El Vacío es el secreto. El Vacío es todo, es el Universo, es la luz, somos todos. El Vacío, ese espacio infinito contenido en un átomo donde bailan pequeñas partículas que se atraen y se repelen. El Vacío es de lo que estamos llenos, el Vacío es la respuesta. Es donde danza la energía, el vacío es el mismo dentro de ti y dentro mí, es lo que mueve en el corazón la alegría, es lo que nos mantiene unidos. En el vacío se crea la ilusión de la forma, en el vacío sucede la vibración y la expansión, el vacío es lo que pulsa infinitamente. El vacío es el amor!
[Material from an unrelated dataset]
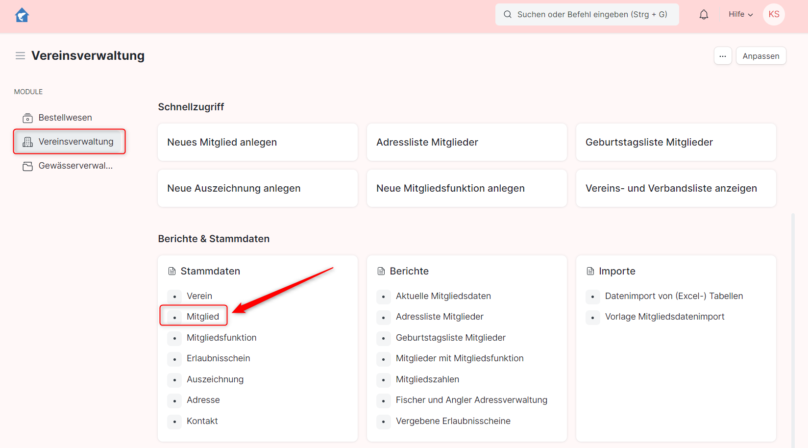 Zum Löschen eines Mitgliedes sucht man zunächst das entsprechende Mitglied aus der Listenansicht "Mitglied" heraus. Die ist unter Vereinsverwaltung > Stammdaten > Mitglied zu finden:

El Vacío llegó a mí como una respuesta. Sólo podemos aprender en el vacío; cuando la mente está llena no hay espacio para nuevo conocimiento. Sólo podemos crecer en el Vacío, cuando la memoria está llena nos convertimos en lo que hemos vivido y no podemos crear nuevas experiencias pues creemos lo que somos está definido por lo que almacenamos. Sólo en el Vacío podemos amar, cuando estamos llenos de condiciones, expectativas y miedos convertimos nuestros intentos de amor en maestrías de control, y el amor simplemente no es amor sin libertad. Sólo en el Vacío podemos sanar, cuando estamos llenos de apegos al recuerdo no es posible perdonar y perdonarnos, sólo en el vacío me libero del dolor de las heridas. 
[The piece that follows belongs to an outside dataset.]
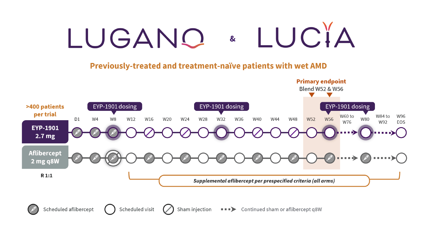 Across four completed clinical trials to date, EYP-1901 has demonstrated a favorable tolerability profile with no EYP-1901-related safety signals observed (17). Informed by the positive phase 2 trials, pivotal phase 3 trials evaluating EYP-1901 with six-month redosing versus on-label aflibercept 2 mg q8W are underway in both wet AMD and DME. The ongoing LUGANO (NCT06668064) and LUCIA (NCT06683742) trials enrolled 432 and 475 treatment-naïve and previously-treated patients with wet AMD, respectively (Figure 2). Topline data for LUGANO are anticipated mid-2026, with LUCIA to shortly follow (24, 25). Preparations for the pivotal COMO and CAPRI trials in DME are ongoing (ClinicalTrials.gov registration pending). Each trial will enroll approximately 240 treatment-naïve and previously-treated patients with DME (Figure 3), with first patient dosing anticipated first quarter of 2026 (26). A comprehensive, robust clinical trial program supports EYP-1901’s potential to improve long-term visual outcomes and reduce treatment burden in wet AMD and DME.

En el Vacío me libero de los vendajes y encuentro el pedazo de vidrio que estaba incrustado en mi herida y que seguía cortando la piel, la carne y las venas. Mi brazo vacío de vendas, mi herida abierta y limpia, recibiendo el aire y la luz del día, sanando, sin soportes paliativos, sin indiferencia y sin olvido, simplemente vacía!